___ RECORDS SHOWN ___

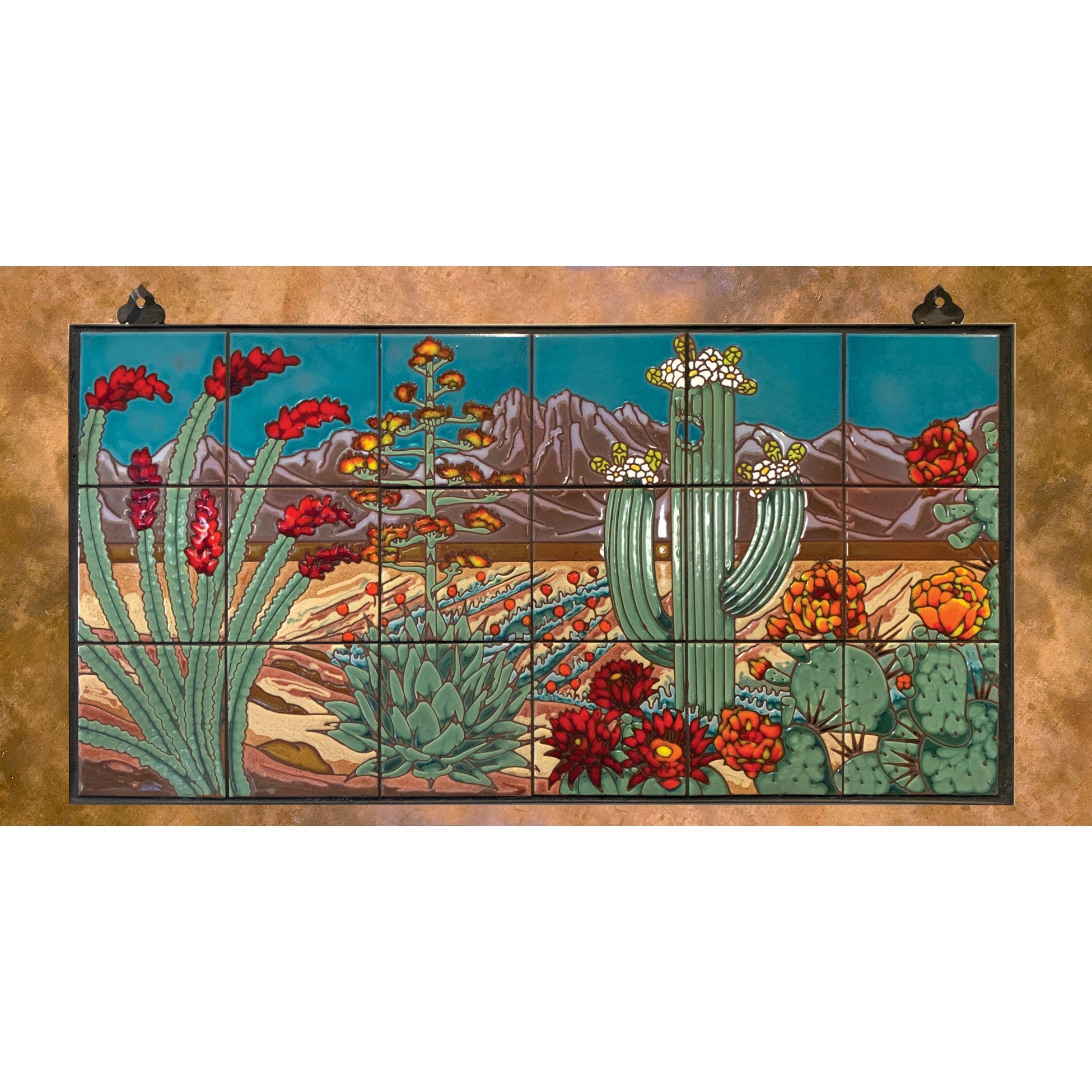 These hand-glazed tiles have been set and grouted into a sealed metal frame.
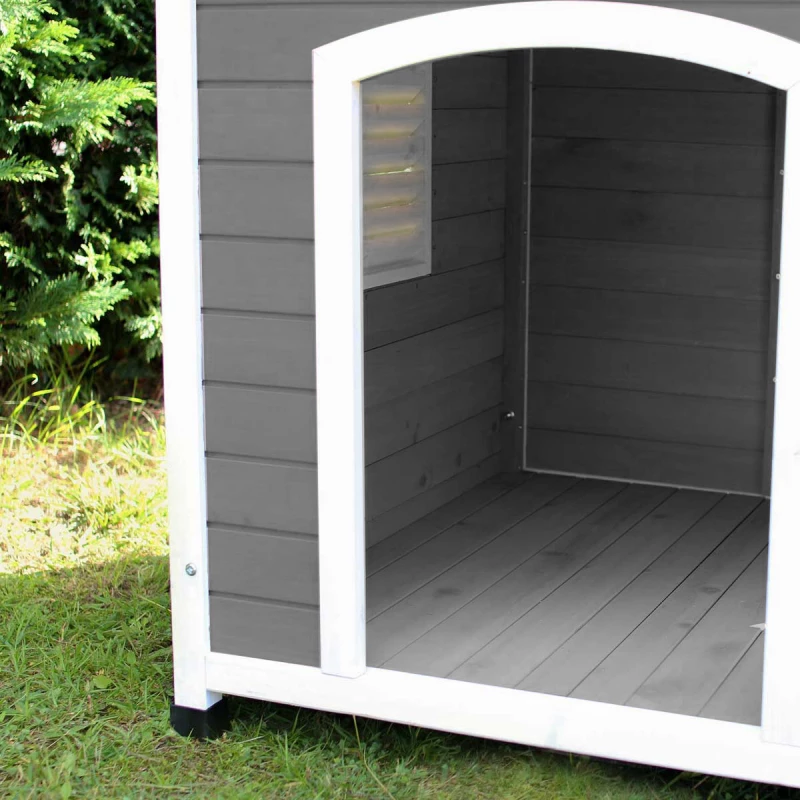 Het hondenhok FALCO van ZOLIA is een luxe schuilplaats. Het heeft een klassiek gesloten gedeelte dat je hond beschermt tegen regen en koude. Naast het gesloten gedeelte heeft het hondenhok ook een mooi terras. Je viervoeter kan in alle weersomstandigheden van het buitenleven genieten.
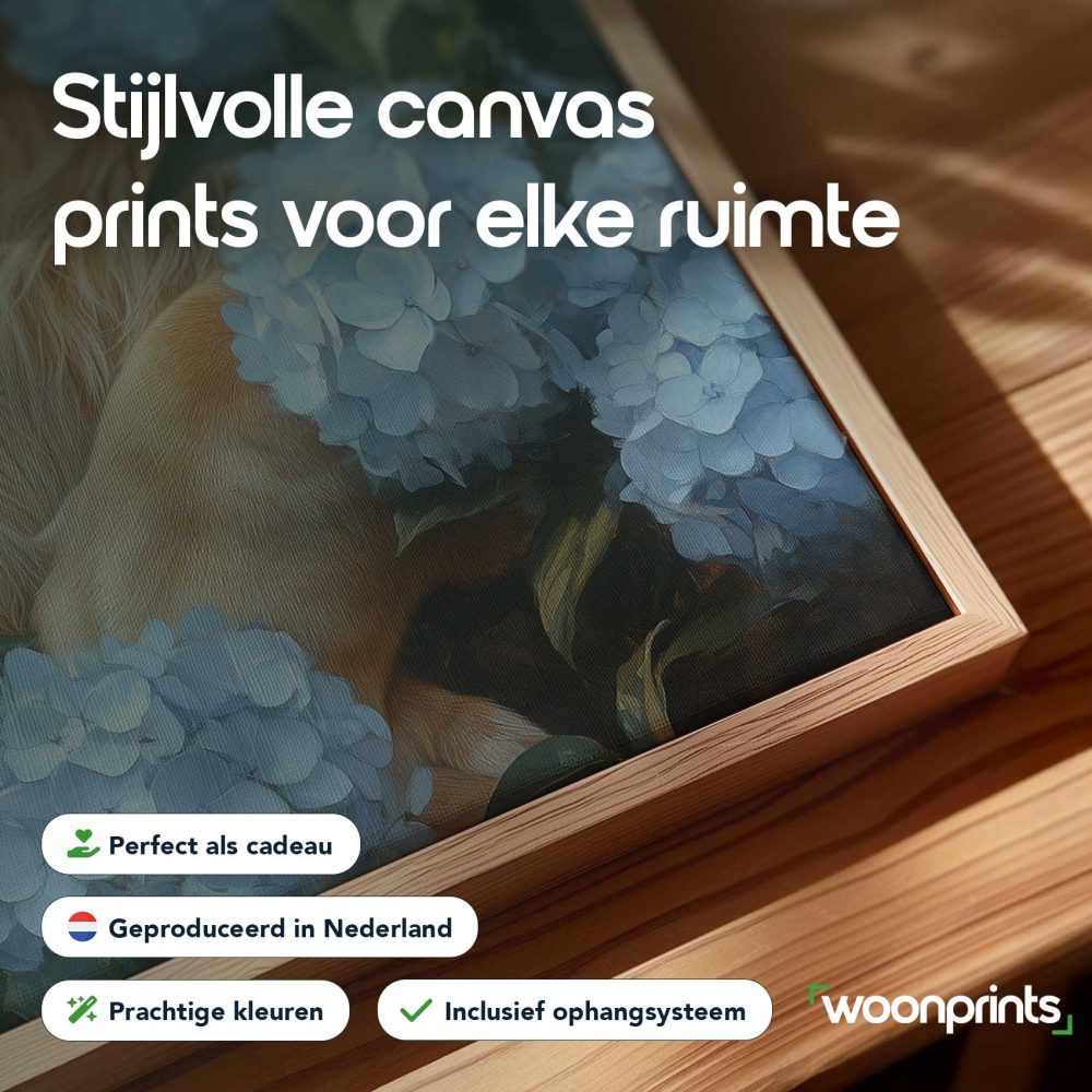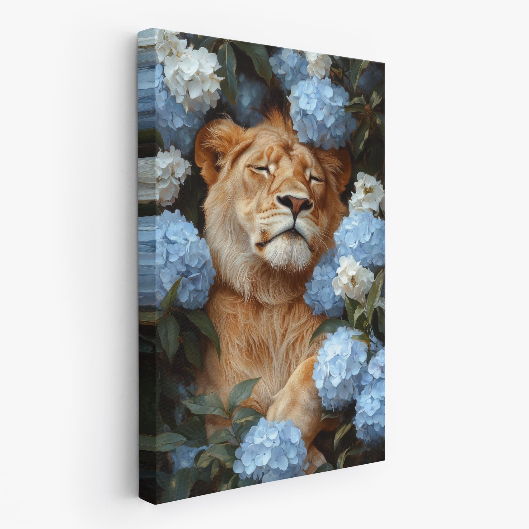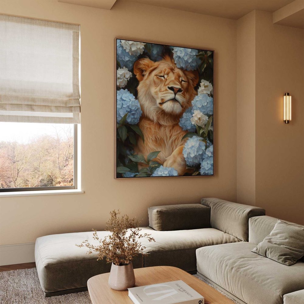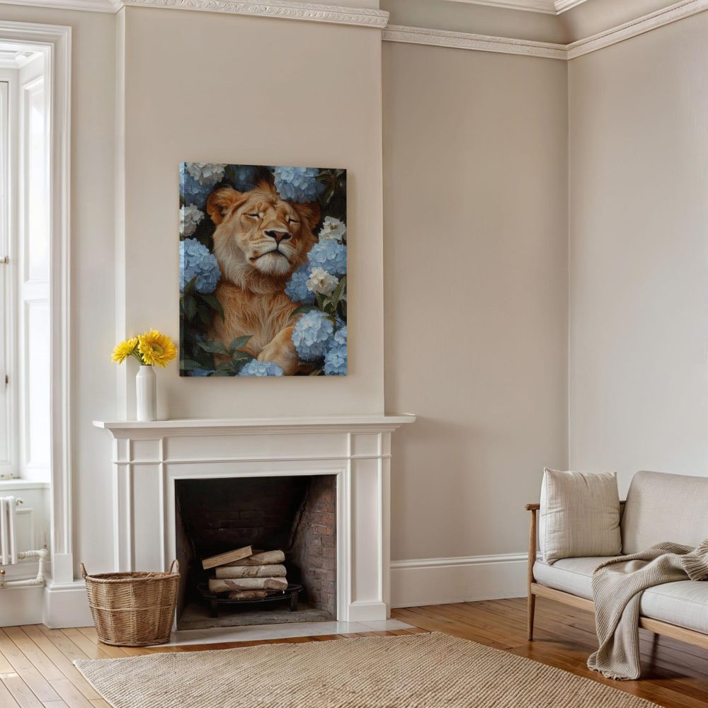 Terug naar collectie / Schilderijen / Bloemen Schilderij / Leeuw tussen blauwe hortensia’s
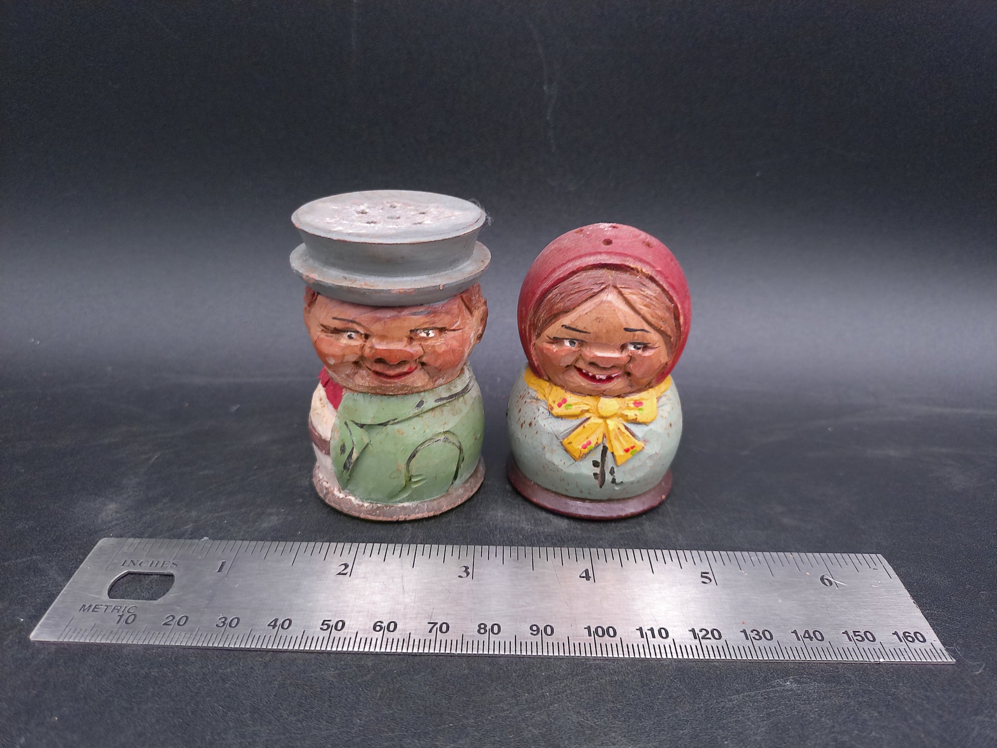 Hand Carved Wooden German Man and Woman Salt and Pepper Shakers Vintage
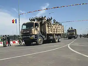 ![]() Caminhão militar chadiano Renault Kerax retorna a N'Djamena após a operação, 13 de abril de 2020. | |||
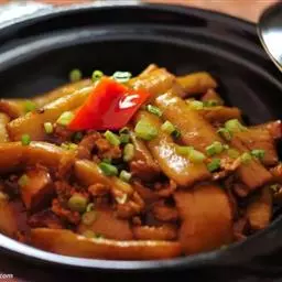 5.用中火再烧10分钟至入味,调入1/2茶匙盐;最后用水淀粉勾芡即可。
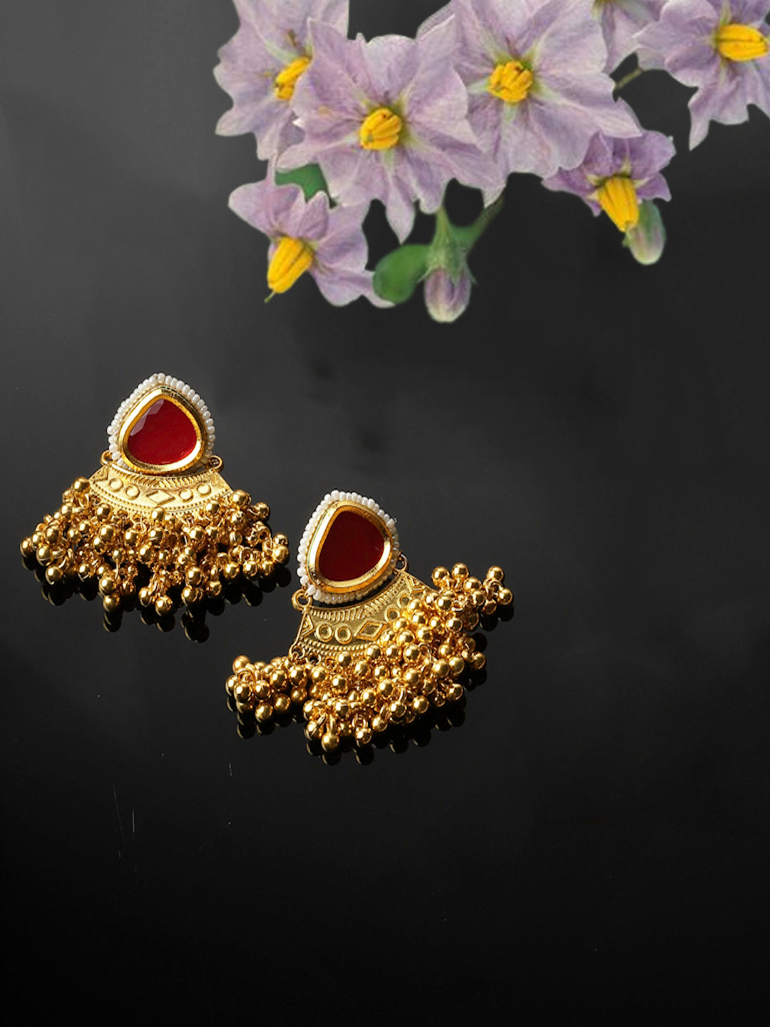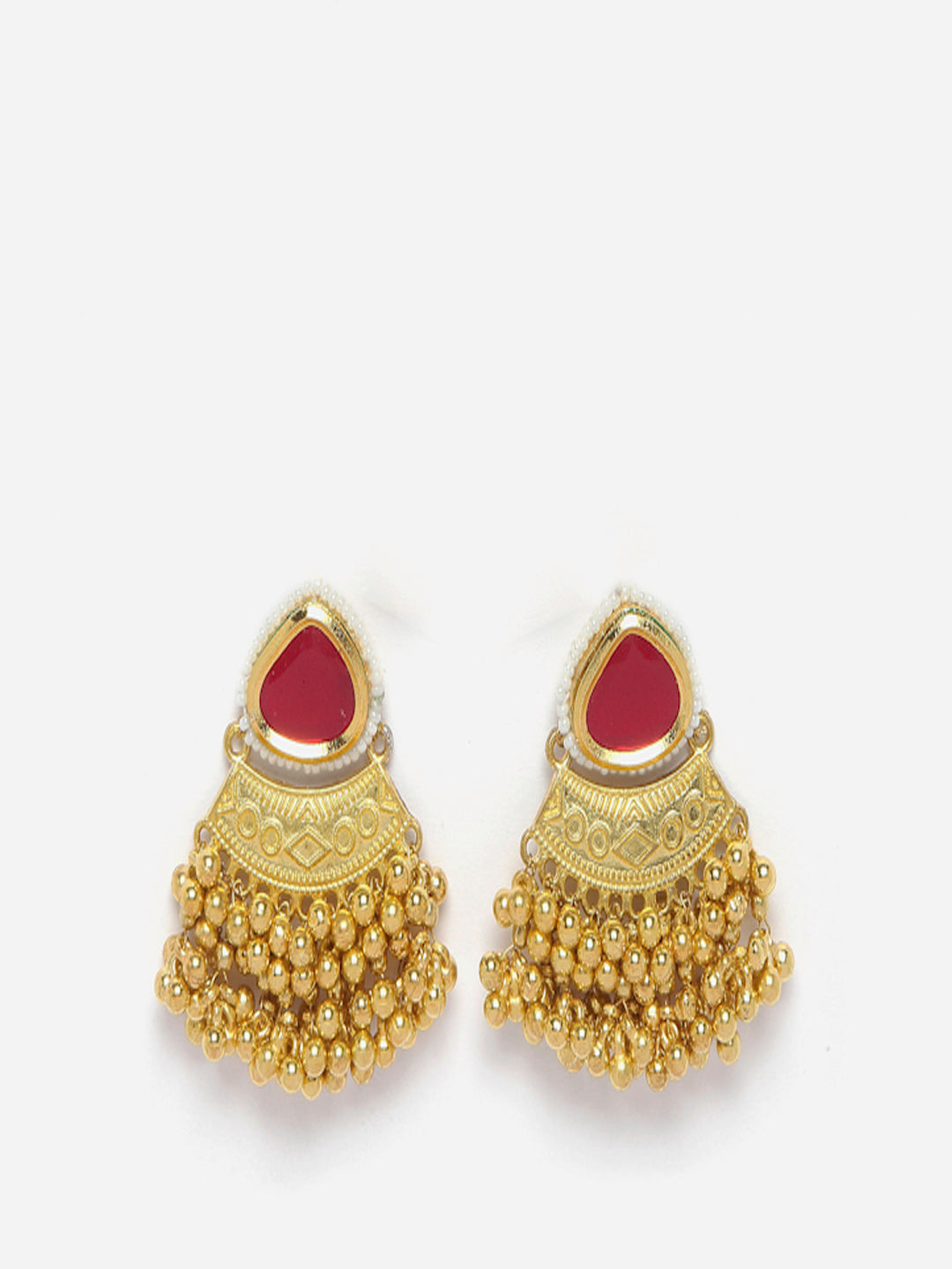 Kundan And Gold Droplets Earring; Category Of Jewellery Is Earring; Sub Category Is Drop; Ideal For Women; Color Is Red, Gold , White; Gemstones Used - Kundan, Pearls, Faux Emerald; Plating Is Gold-Plated; Base Metal Is Alloy; Other Material Used - Closure Stopper; Size Is Freesize; Adjustable - No; Weight Is 21 Gms; Mesaurements - Length Of Earring= 5 Cm; Width Of Earring =3.9 Cm; Adjustable - No; Content 1 Pair Earring
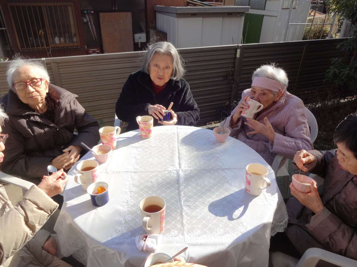 1階2階合同で「お茶会を兼ねて外気浴」を行いましたよ!
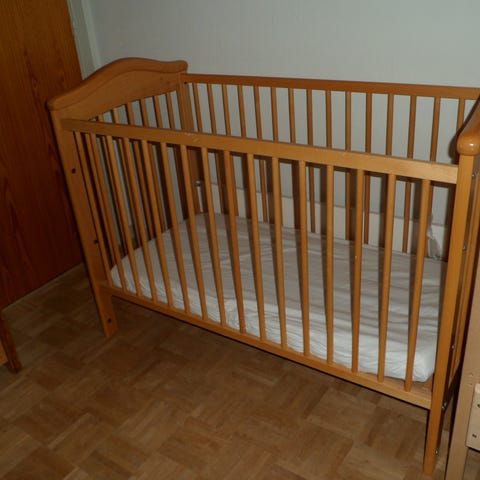 Tremmeseng i træ, brugt til 1 barn.
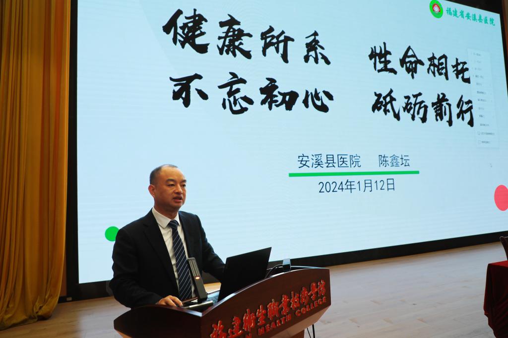 为激励同学们努力学习医学专业知识,毕业后扎根基层,在从医的道路上不断奋斗,2024年1月12日,医学院邀请开云优秀校友代表、安溪县医院院长陈鑫坛到校作《健康所系 性命相托 不忘初心 砥砺前行》专题讲座。
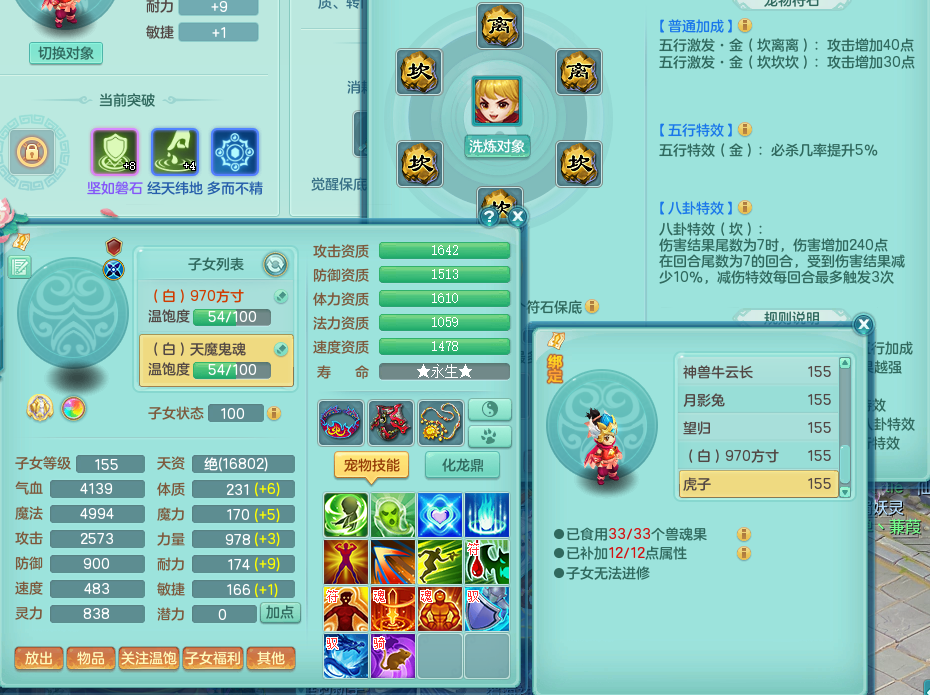 tx8564 天下无双 159 方寸 单人坐骑 精灵舞 满星穹 5.0化龙鼎 80仙兽灵 1内神 特殊(羽袭、雷光)7觉醒 8个真6字 11+满果子 2980邮箱
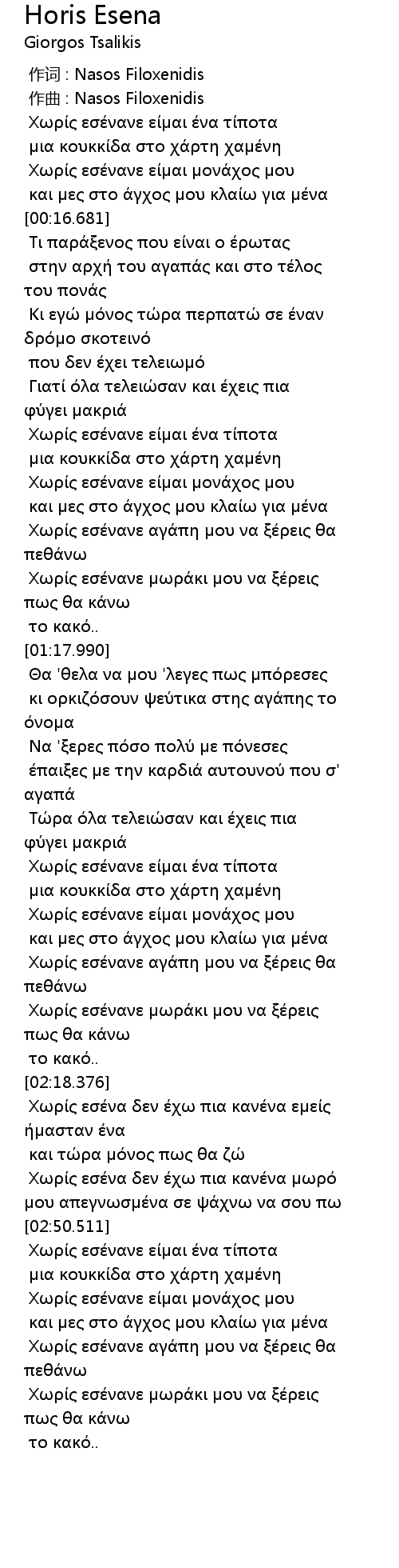 作词 : Nasos Filoxenidis |
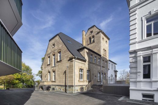 Im Zuge des Neubaus von 2 Gebäuden für studentisches Wohnen auf dem Campus-Areal wurden die beiden in die Jahre gekommenen Villen saniert und einer neuen Nutzung als Bürogebäude zugeführt. Der Umbau der leerstehenden Villa Ingenohl zum Stiftungssitz der gemeinnützigen Stiftung und der statisch stark beeinträchtigten Villa Heckmann zum Bürogebäude mit Begegnungsflächen und Kantine für Studenten schafft ein Ensemble für ein vitales Campusleben und verbindet die Bestandsbauten mittels einer neuen Freitreppe mit den beiden neu geschaffenen Gebäuden „Romeo und Julia“.

___

Above are records; repeat only the lines from the line with "Kundan And Gold" through the line with "Tremmeseng i træ, brugt til 1 barn.", and leave pictures out.

RESPONSE BELOW -
 Kundan And Gold Droplets Earring; Category Of Jewellery Is Earring; Sub Category Is Drop; Ideal For Women; Color Is Red, Gold , White; Gemstones Used - Kundan, Pearls, Faux Emerald; Plating Is Gold-Plated; Base Metal Is Alloy; Other Material Used - Closure Stopper; Size Is Freesize; Adjustable - No; Weight Is 21 Gms; Mesaurements - Length Of Earring= 5 Cm; Width Of Earring =3.9 Cm; Adjustable - No; Content 1 Pair Earring
 1階2階合同で「お茶会を兼ねて外気浴」を行いましたよ!
 Tremmeseng i træ, brugt til 1 barn.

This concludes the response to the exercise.